Although it's true that the average number of required pulls is 64, there's still a substantial role of chance. This is a recurring theme in gaming and probability -- yes, we know what the average experience is, but the amount of variability around that can be quite large. (See also my old post on how often a +5% chance to hit actually converts into more hits.)

It turns out that if your desired item has a drop rate of 1/64, then after 64 pulls, there's only a 63.6% chance that you have the item.

To understand the variability around the drop chance, we have to use the negative binomial distribution. The binomial distribution takes in a number of attempts and a probability of success to tell us how many successes to expect. The negative binomial inverts this: it takes in the number of desired successes and the probability of success to tell us how many attempts we'll need to make.

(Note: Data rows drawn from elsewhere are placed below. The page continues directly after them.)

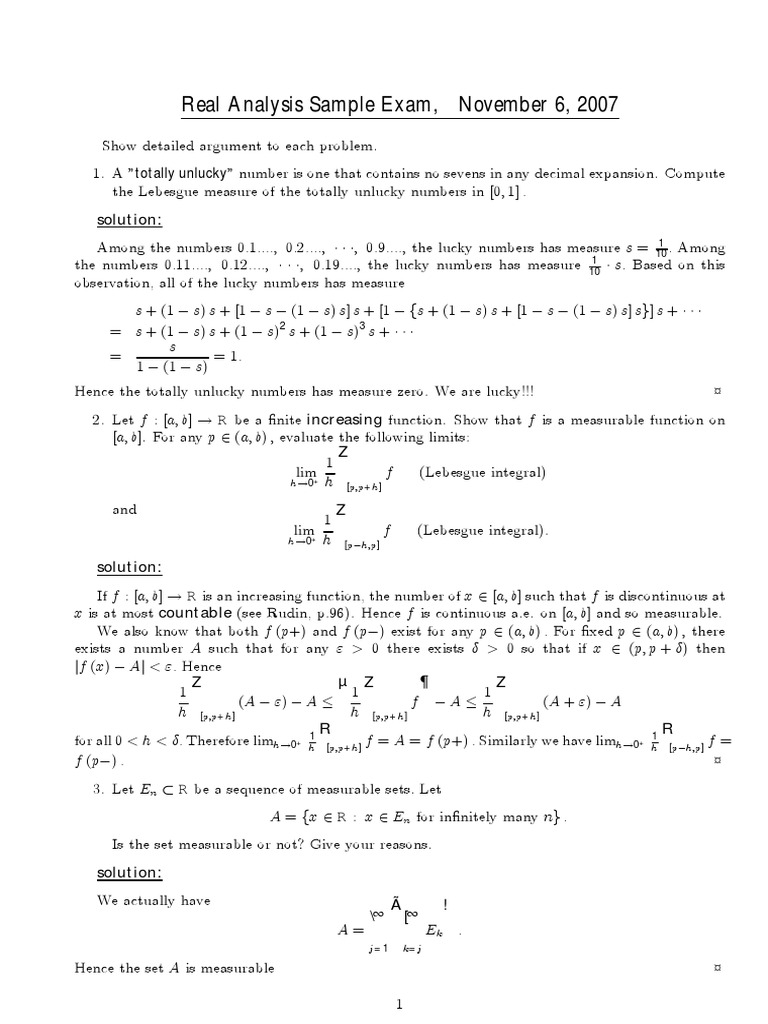 Real Analysis Sample Exam With Solution 2007-11-12 | Measure ...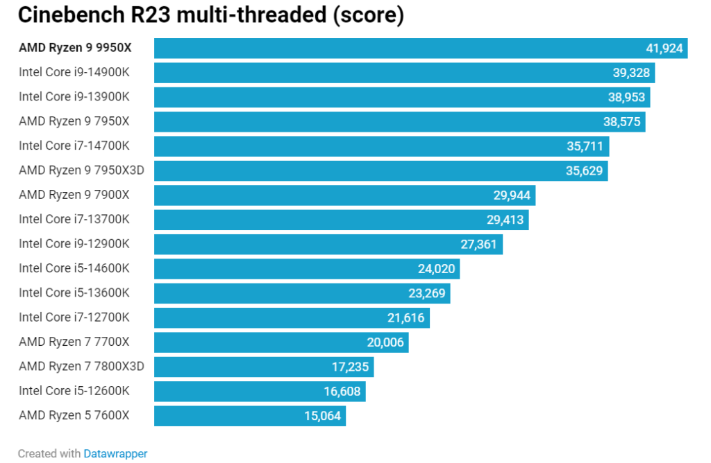 Ky rezultat u rrit në 43,895 pikë me Precision Boost Overdrive dhe me teknologjinë e re Curve Shaper shkon deri në 44,538 pikë. Versioni stock i procesorit prodhon një rezultat 41,924 pikë në Cinebench R23. Më afër këtij rezultati është Core i9-14900K me 39,328 pikë ndërsa paraardhësi shënonte 38,575 pikë.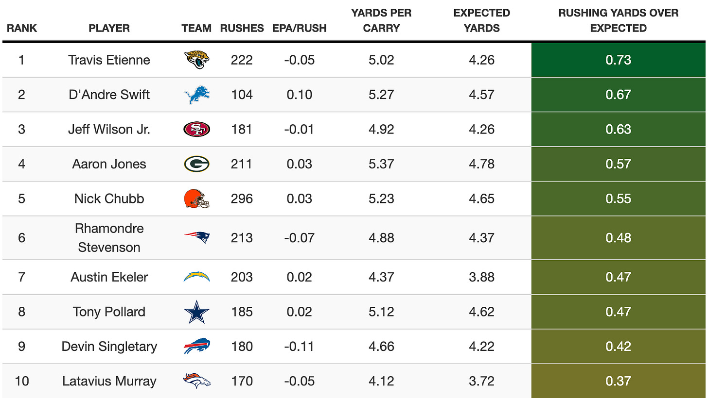 Travis Etienne was arguably the most efficient rusher in the league in 2022. Despite the Jaguars having the 30th-ranked run-blocking unit according to PFF last season, he was among the league's best (min 100 attempts) in RYOE, YCO/A, MTF, breakaway runs, YPC, and total yards created. Additionally, Etienne ranked 20th in WOPP/G with 15.68.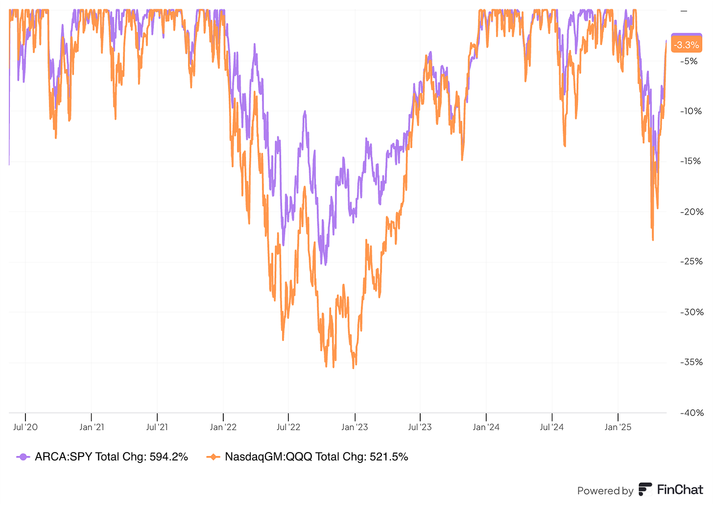 Both indices are now barely down from highs (around 3%) despite all that has happened over the past few months: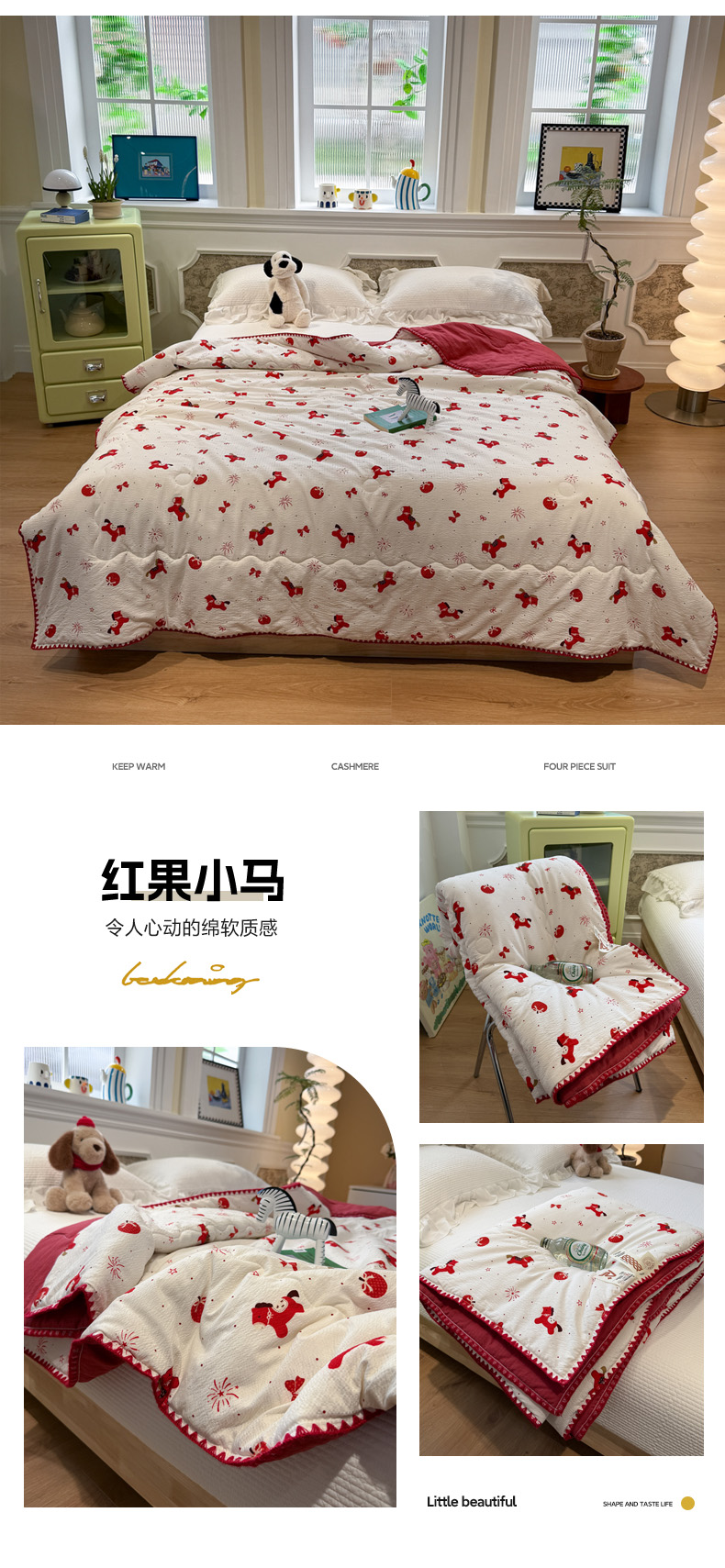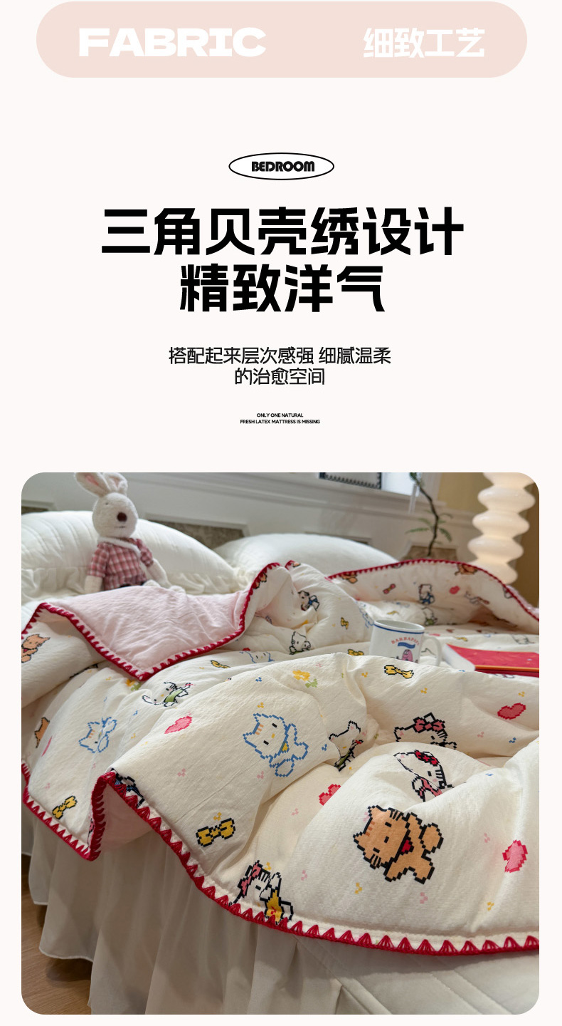 商品名称:赛琳 2026新款云感双层纱贝壳绣夏被夏凉被空调被(有买家秀) 苹果小怪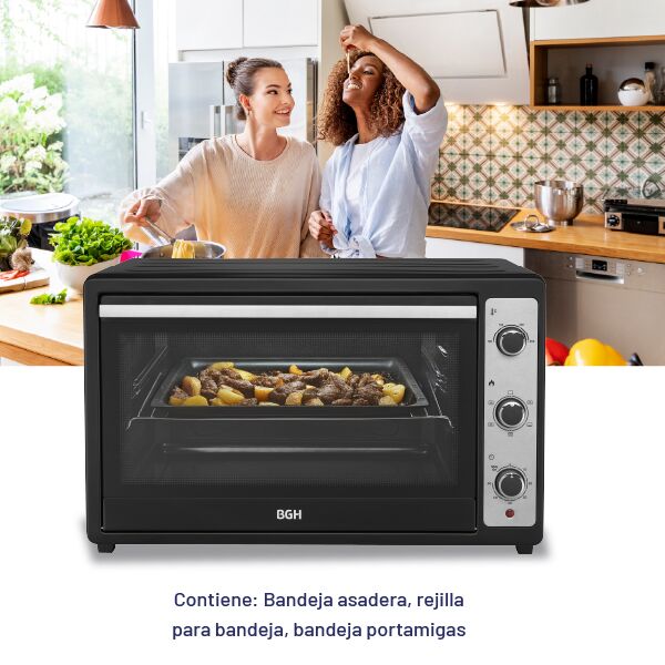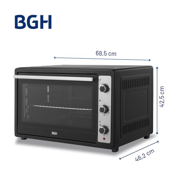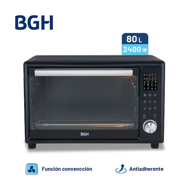 Horno Eléctrico BGH 80 Litros Mecánico Capacidad de 80 litros ideal para cocinar grandes porciones. Panel mecánico con timer de hasta 60 minutos y función “Stay On”. Función grill y convección para resultados más crocantes y parejos. Luz interior para controlar la cocción sin abrir el horno. Rango d...

In R, we can model this with the function pnbinom(), which gives us the cumulative density function. This tells us what proportion of players will get a success by X number of pulls.
Let's look at some examples.

Earthbound: The Sword of Kings

The Sword of Kings has a drop rate of 1/128 when the player fights a Starman Super. In a normal game, a player probably fights five or ten Starman Supers. How many players can be expected to find a Sword of Kings in the course of normal play? Some players will decide they want a Sword of Kings and will hang out in the dungeon fighting Starman Supers ("Starmen Super"?) until they find one. How long will most players have to grind to get this item?

By the time the player finds a Sword of Kings, the party is probably so overleveled from killing dozens of Starman Supers that they don't really need the Sword anyway. (From http://starmendotnet.tumblr.com/post/96897409329/sijbrenschenkels-finally-found-sword-of)

We use pnbinom() to get the cumulative probabilities. We'll use the dplyr package too because I like piping and being able to use filter() later for a nice table.

eb <- data.frame(x = 1:800) %>% 
  mutate(p = pnbinom(x, size = 1, prob = 1/128))

filter(eb, x %in% c(1, 10, 50, 100, 128, 200, 256, 400))

with(eb, plot(x, p, type = 'l',
              xlab = "Starman Supers defeated",
              ylab = "Probability of at least one drop",

              main = "Grinding for a Sword of Kings"))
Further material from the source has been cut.